Сэр Лестер поднимается, но, пошатнувшись, снова падает в кресло.
– И ее поощряли слухи о том, что я постоянно торчу у вас в доме; а торчал я здесь как раз в расчете на то, чтоб она это знала. Теперь откройте вот эту мою записную книжку, сэр Лестер Дедлок, когда я, с вашего позволения, переброшу ее вам, и просмотрите полученные мною письма; вы в каждом увидите два слова! «Леди Дедлок». Разверните письмо, адресованное вам и перехваченное мною сегодня утром, и вы прочтете в нем три слова: «Леди Дедлок – убийца». Эти письма сыпались на меня, словно божьи коровки. Что же вы теперь скажете про миссис Баккет, если она видела из засады, как эта особа писала все свои письма? Что вы скажете про миссис Баккет, если она полчаса назад достала чернила, которыми были написаны эти письма, и почтовую бумагу и даже оторванные чистые полулисты и прочее? Что вы скажете, сэр Лестер Дедлок, баронет, про миссис Баккет, если она следила за этой девицей, когда та сдавала письма на почту одно за другим? – с торжеством осведомляется мистер Баккет, восторгаясь гениальностью своей супруги.

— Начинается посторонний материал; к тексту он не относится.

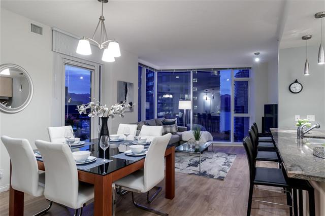 Welcome home to "The Ritz" built by Pinnacle in the prestigious Coal Harbour. Experience the luxurious living at a 1400 sqft 3 Bedroom, 3 Bathroom and Den, plus office unit. This is a AIR-CONDITIONED bright corner unit with oversized windows, efficient floor plan and over height ceiling. Plenty of natural light and air condition make your beautiful suit comforter all year round. Unit 1005 has beautiful views of water, North Shore mountain, Stanley Park and comes with 2 S.byS. Parking and one locker. The gourmet kitchen includes Kitchen Aid S/S appliances and granite countertops. " The Ritz" includes 24 hour concierge, indoor pool, gym, hot tub, sauna, steam room, party room, private courtyard and more.

Два обстоятельства все больше бросаются в глаза по мере того, как мистер Баккет подходит к концу своего рассказа. Во-первых, чудится, будто он неуловимо получил какое-то грозное право собственности на мадемуазель. Во-вторых, чудится, будто самый воздух, которым она дышит, сжимается и замыкается вокруг нее, словно ее с трудом дышащее тело все тесней и тесней опутывают сетью или пеленают гробовыми пеленами.

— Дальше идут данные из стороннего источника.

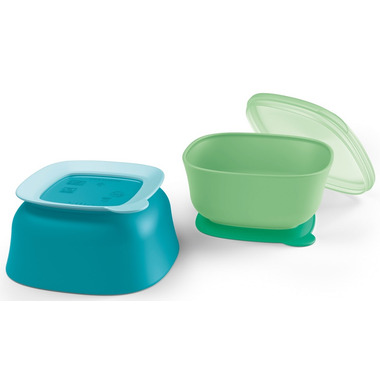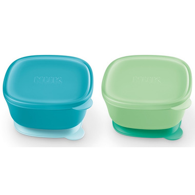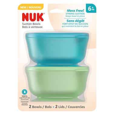 Mealtime can be messy with babies who are just starting to feed themselves. NUK suction bowls are designed to prevent accidental tipping and minimize the temptation to toss bowls onto the floor. The strong suction base sticks to most flat surfaces, and the quick-release tab makes removal easy for parents. Bowls feature high walls that help baby get more food onto their spoons, as they scoop against the sides. NUK suction bowls also come with leak-proof lids, great for travel or daycare and post-mealtime storage in the refrigerator. Microwave-safe for warming up meals and top rack dishwasher-safe for fast, parent-friendly cleanup. Plus, bowls and lids are BPA-free for total peace of mind.

– Известно, что ее милость была на месте преступления в тот знаменательный час, – говорит мистер Баккет, – и что вот эта моя приятельница-иностранка увидела ее там, вероятно, с верхней площадки лестницы. Ее милость, Джордж и моя приятельница-иностранка, все они, можно сказать, тогда шли по пятам друг за другом. Но теперь это уже не имеет никакого значения, и я не буду распространяться на эту тему. Я нашел пыж от пистолета, из которого стреляли в покойного мистера Талкингхорна. Пыж был сделан из клочка бумаги, оторванного от печатной статьи с описанием вашего дома в Чесни-Уолде. Ну, это улика не очень веская, скажете вы, сэр Лестер Дедлок, баронет. Да! Но если вот эта моя приятельница-иностранка настолько позабыла об осторожности, что не побоялась просто изорвать на куски и бросить остаток печатной страницы, а миссис Баккет сложила обрывки и увидела, что не хватает как раз того клочка, который пошел на пыж, дело начинает принимать скверный оборот.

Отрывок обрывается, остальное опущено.